WORK TO COMPLETE :: Leave the pictures aside and give back every entry below word for word.
------ RECORDS ------
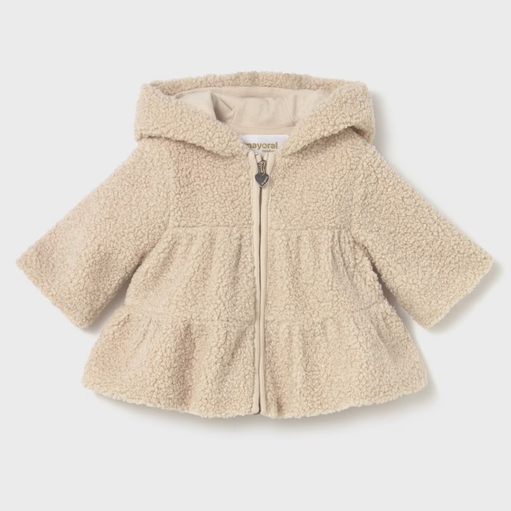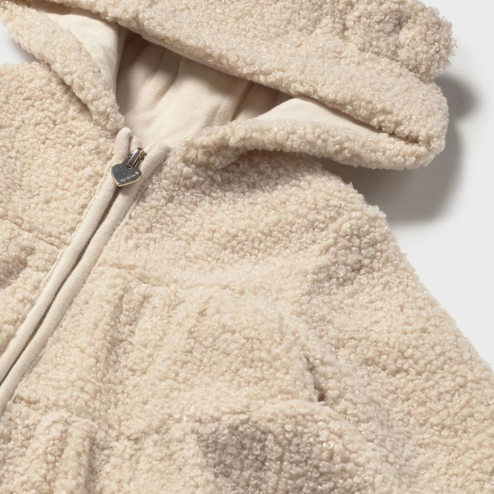 Αυτή η μπεζ βρεφική ζακέτα της Mayoral είναι σχεδιασμένη για να προσφέρει ζεστασιά και άνεση στο μωρό σας. Είναι κατασκευασμένη από μαλακό προβατάκι φλις ύφασμα που μοιάζει με αρκουδάκι (teddy bear), ενώ διαθέτει κουκούλα και κλείσιμο με φερμουάρ για εύκολη χρήση.
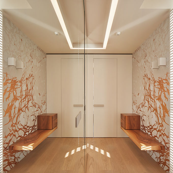 The zones in the apartment are multifunctional, and they do not always reveal their primary function at first glance – the mirror cubicle of the rectangular floor plan hides a built-in wardrobe and a toilet with a shower. The entrance is perceived as a welcome space – whether for the owners or their visits, so it is made as representative as the other interior – after all, it is the first impression of the whole work. The sunlight entering the corridor is dazzled by a raster that not only softens and disperses it, but at the same time prevents the unwanted view from outside. The raster motive is also used on the rest of north-east oriented windows of the apartment. As in the whole project, the synthesis of the artistic and utilitarian function of the elements is valid here as well.
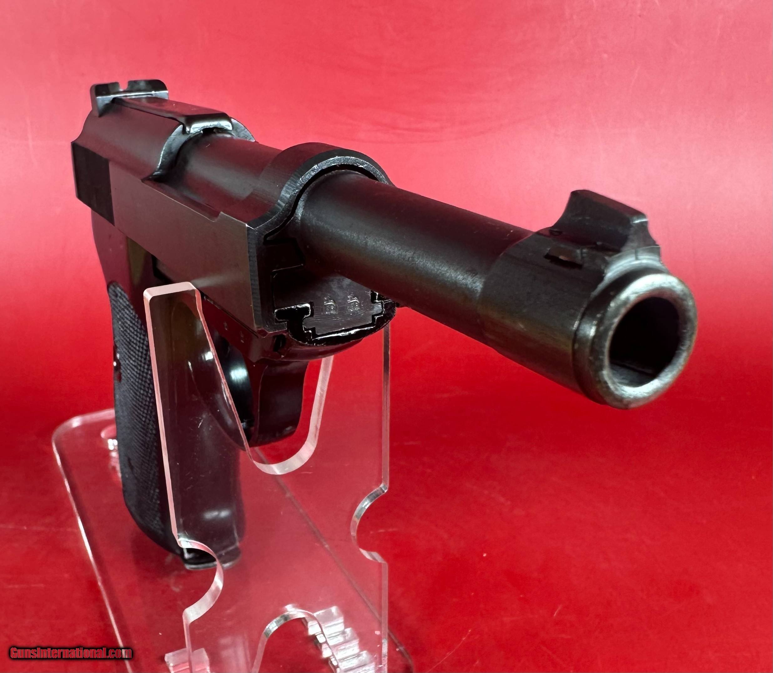 Description: For sale is a very nice Walther Model P38 (P.38 P 38 P-38 P1) that is chambered in 9mm Luger. The barrel measures 5" in length and the bore is in excellent condition. This pistol was made in West Germany for the West German Police. This is a post-war variation of the P-38 with a steel slide and an alloy frame. The sale includes one original magazine. The matte black finish on the slide and barrel is about 98%. The checkered black plastic grips are about 98%. Frame is about 98%. The action works as it should. Please refer to the pictures for details. This gun will be a great addition to any collection, don't miss it! SOLD Handgun Caliber: 9x19mm Parabellum (9mm Luger, 9x19mm NATO) |
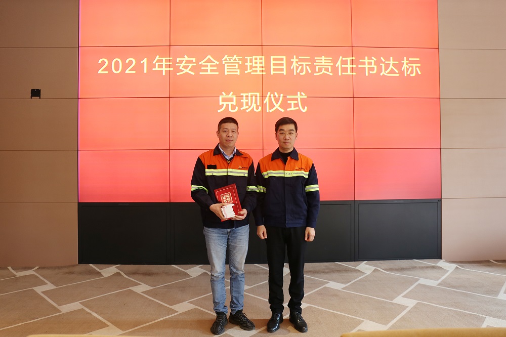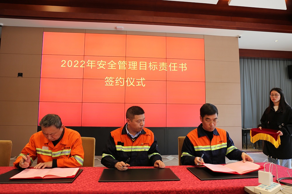 姜海洪为2021年度安全管理目标达标的9个单位进行了颁奖,并与集团直属部门、各子公司签订了2022年安全管理目标责任书。
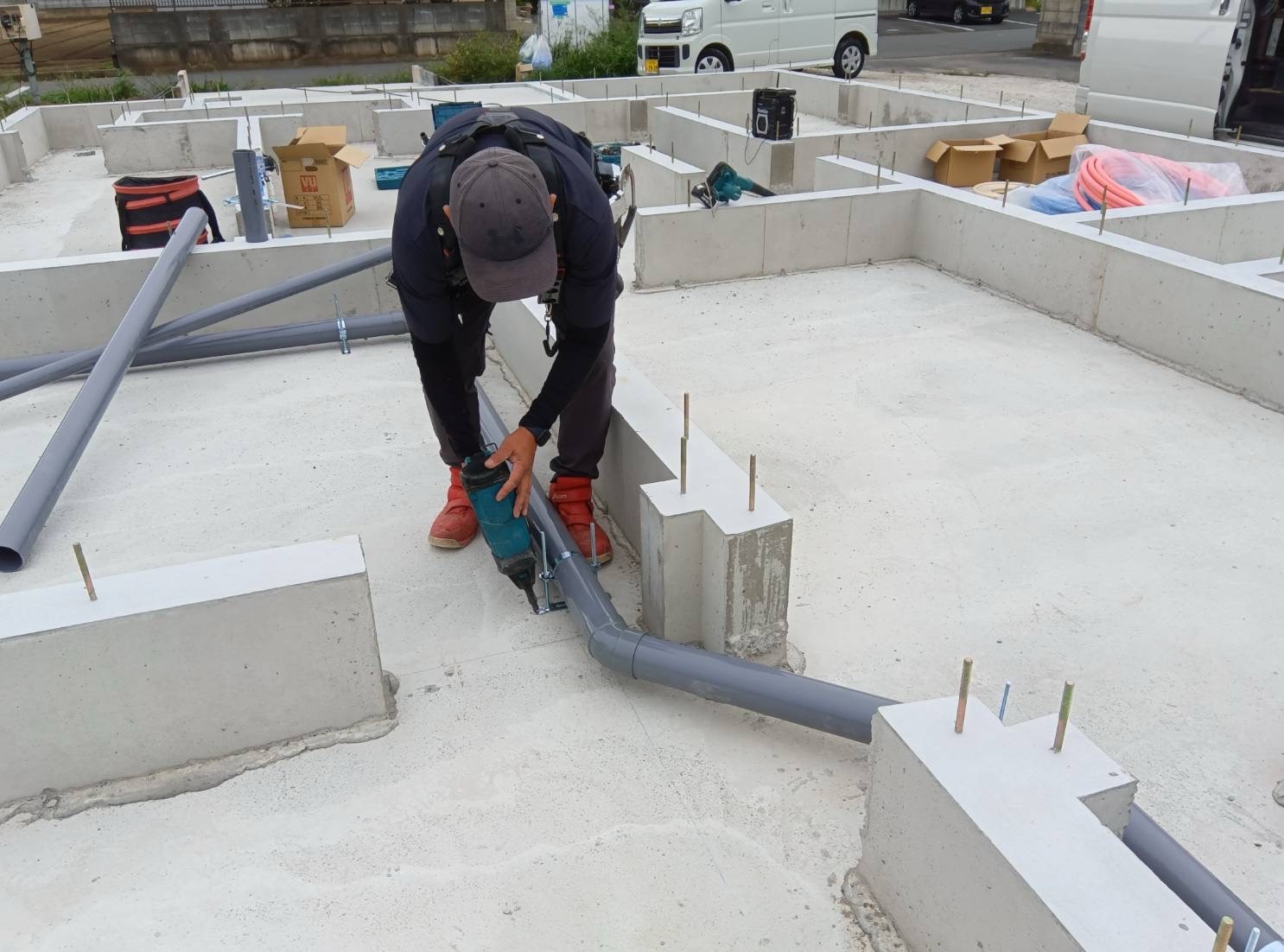 2025.10.16栃木市岩舟町S様邸で先行配管工事でした Tweet Pocket 建て方してしまうと施工しにくい基礎の中。今のうちに給水、給湯、排水管工事をしておきます。維持管理しやすい施工方法となっています 代表 石川
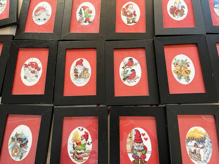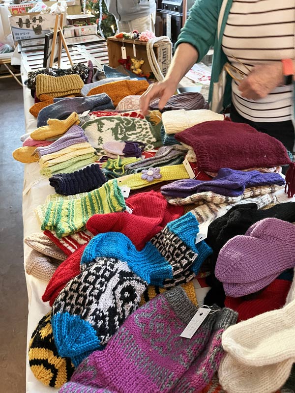 Sydda julmotiv Mycket finns naturligtvis att köpa som sig bör när man gick på julmarknader av alla de slag, stora som små. Det finns alltid något som tilltalar en lite mera: vackra julkransar, honung som är närproducerat. Många fina jul mönster och garner att handla in till alla de som syr eller stickar hemma. Medan vi strosar runt i lokalen så hörs julmusiken från scenen.
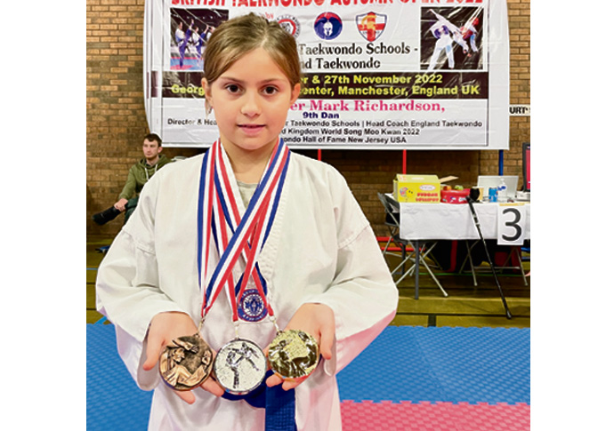 The nine-year-old completed her medal set by bagging a bronze in the “champion of champions” competition, which saw gold medal winners from each age category with blue belts doing battle in the poomsae one final time.
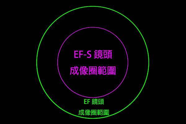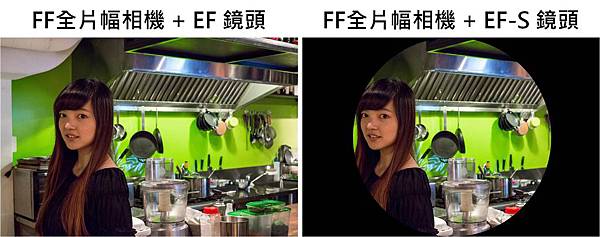 若你硬是將 EF-S 鏡頭用在 FF 全片幅相機上,由於成像圈不夠大,自然只能顯示中心部分區域,週邊為黑色區塊。
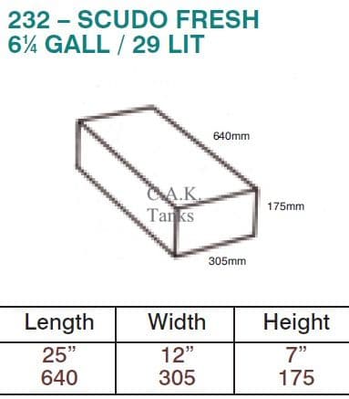 Home / Water Tanks Product Description Suitable for drinking water, waste or toilet discharge. A strong and reliable water storage tank for caravans, motorhomes, campers and specialist vehicles. Moulded in black polyethylene to the highest specifications for drinking water use. One piece, seam free moulding. No welded joints that can crack prematurely. Our tanks will not leak, split, rust or corrode. Designed for the safe, reliable storage and transport of drinking water and grey or black waste-water. Our tanks are black to prevent the growth of algae. Your fresh water will stay fresher for longer with no aftertaste. Fit under the chassis or anywhere inside your vehicle. We offer a large variety of shapes and sizes. Our tanks can be customised with water gauges, water level sensors, nut in fittings, drain taps, valves, hatches, submersible pump adaptors etc. We carry a wide range of connectors and fittings for you to install connections where you want for whatever your intended use of the tank is. Please see our Water Tanks Accessories section for additional nut in fittings. Specifications Brand C.A.K. Tanks Condition New Product Code CAK-232 Weight 3kg Customer reviews No reviews left yet Write A Review Sort byMost RecentTop Rated Description Suitable for drinking water, waste or toilet discharge. A strong and reliable water storage tank for caravans, motorhomes, campers and specialist vehicles. Moulded in black polyethylene to the highest specifications for drinking water use. One piece, seam free moulding. No welded joints that can crack prematurely. Our tanks will not leak, split, rust or corrode. Designed for the safe, reliable storage and transport of drinking water and grey or black waste-water. Our tanks are black to prevent the growth of algae. Your fresh water will stay fresher for longer with no aftertaste. Fit under the chassis or anywhere inside your vehicle. We offer a large variety of shapes and sizes. Our tanks can be customised with water gauges, water level sensors, nut in fittings, drain taps, valves, hatches, submersible pump adaptors etc. We carry a wide range of connectors and fittings for you to install connections where you want for whatever your intended use of the tank is. Please see our Water Tanks Accessories section for additional nut in fittings. Reviews No reviews left yet Write A Review Sort byMost RecentTop Rated Attributes Brand C.A.K. Tanks Condition New Product Code CAK-232 Weight 3kg Delivery & Returns Customer Reviews New Fiat Scudo Fresh Product Code CAK-232 CAK-232 £91.82 Login to add this product to your wishlist.
------
ANSWER TO THIS TASK ::
 Αυτή η μπεζ βρεφική ζακέτα της Mayoral είναι σχεδιασμένη για να προσφέρει ζεστασιά και άνεση στο μωρό σας. Είναι κατασκευασμένη από μαλακό προβατάκι φλις ύφασμα που μοιάζει με αρκουδάκι (teddy bear), ενώ διαθέτει κουκούλα και κλείσιμο με φερμουάρ για εύκολη χρήση.
 The zones in the apartment are multifunctional, and they do not always reveal their primary function at first glance – the mirror cubicle of the rectangular floor plan hides a built-in wardrobe and a toilet with a shower. The entrance is perceived as a welcome space – whether for the owners or their visits, so it is made as representative as the other interior – after all, it is the first impression of the whole work. The sunlight entering the corridor is dazzled by a raster that not only softens and disperses it, but at the same time prevents the unwanted view from outside. The raster motive is also used on the rest of north-east oriented windows of the apartment. As in the whole project, the synthesis of the artistic and utilitarian function of the elements is valid here as well.
 Description: For sale is a very nice Walther Model P38 (P.38 P 38 P-38 P1) that is chambered in 9mm Luger. The barrel measures 5" in length and the bore is in excellent condition. This pistol was made in West Germany for the West German Police. This is a post-war variation of the P-38 with a steel slide and an alloy frame. The sale includes one original magazine. The matte black finish on the slide and barrel is about 98%. The checkered black plastic grips are about 98%. Frame is about 98%. The action works as it should. Please refer to the pictures for details. This gun will be a great addition to any collection, don't miss it! SOLD Handgun Caliber: 9x19mm Parabellum (9mm Luger, 9x19mm NATO) |
 姜海洪为2021年度安全管理目标达标的9个单位进行了颁奖,并与集团直属部门、各子公司签订了2022年安全管理目标责任书。
 2025.10.16栃木市岩舟町S様邸で先行配管工事でした Tweet Pocket 建て方してしまうと施工しにくい基礎の中。今のうちに給水、給湯、排水管工事をしておきます。維持管理しやすい施工方法となっています 代表 石川
 Sydda julmotiv Mycket finns naturligtvis att köpa som sig bör när man gick på julmarknader av alla de slag, stora som små. Det finns alltid något som tilltalar en lite mera: vackra julkransar, honung som är närproducerat. Många fina jul mönster och garner att handla in till alla de som syr eller stickar hemma. Medan vi strosar runt i lokalen så hörs julmusiken från scenen.
 The nine-year-old completed her medal set by bagging a bronze in the “champion of champions” competition, which saw gold medal winners from each age category with blue belts doing battle in the poomsae one final time.
 若你硬是將 EF-S 鏡頭用在 FF 全片幅相機上,由於成像圈不夠大,自然只能顯示中心部分區域,週邊為黑色區塊。
 Home / Water Tanks Product Description Suitable for drinking water, waste or toilet discharge. A strong and reliable water storage tank for caravans, motorhomes, campers and specialist vehicles. Moulded in black polyethylene to the highest specifications for drinking water use. One piece, seam free moulding. No welded joints that can crack prematurely. Our tanks will not leak, split, rust or corrode. Designed for the safe, reliable storage and transport of drinking water and grey or black waste-water. Our tanks are black to prevent the growth of algae. Your fresh water will stay fresher for longer with no aftertaste. Fit under the chassis or anywhere inside your vehicle. We offer a large variety of shapes and sizes. Our tanks can be customised with water gauges, water level sensors, nut in fittings, drain taps, valves, hatches, submersible pump adaptors etc. We carry a wide range of connectors and fittings for you to install connections where you want for whatever your intended use of the tank is. Please see our Water Tanks Accessories section for additional nut in fittings. Specifications Brand C.A.K. Tanks Condition New Product Code CAK-232 Weight 3kg Customer reviews No reviews left yet Write A Review Sort byMost RecentTop Rated Description Suitable for drinking water, waste or toilet discharge. A strong and reliable water storage tank for caravans, motorhomes, campers and specialist vehicles. Moulded in black polyethylene to the highest specifications for drinking water use. One piece, seam free moulding. No welded joints that can crack prematurely. Our tanks will not leak, split, rust or corrode. Designed for the safe, reliable storage and transport of drinking water and grey or black waste-water. Our tanks are black to prevent the growth of algae. Your fresh water will stay fresher for longer with no aftertaste. Fit under the chassis or anywhere inside your vehicle. We offer a large variety of shapes and sizes. Our tanks can be customised with water gauges, water level sensors, nut in fittings, drain taps, valves, hatches, submersible pump adaptors etc. We carry a wide range of connectors and fittings for you to install connections where you want for whatever your intended use of the tank is. Please see our Water Tanks Accessories section for additional nut in fittings. Reviews No reviews left yet Write A Review Sort byMost RecentTop Rated Attributes Brand C.A.K. Tanks Condition New Product Code CAK-232 Weight 3kg Delivery & Returns Customer Reviews New Fiat Scudo Fresh Product Code CAK-232 CAK-232 £91.82 Login to add this product to your wishlist.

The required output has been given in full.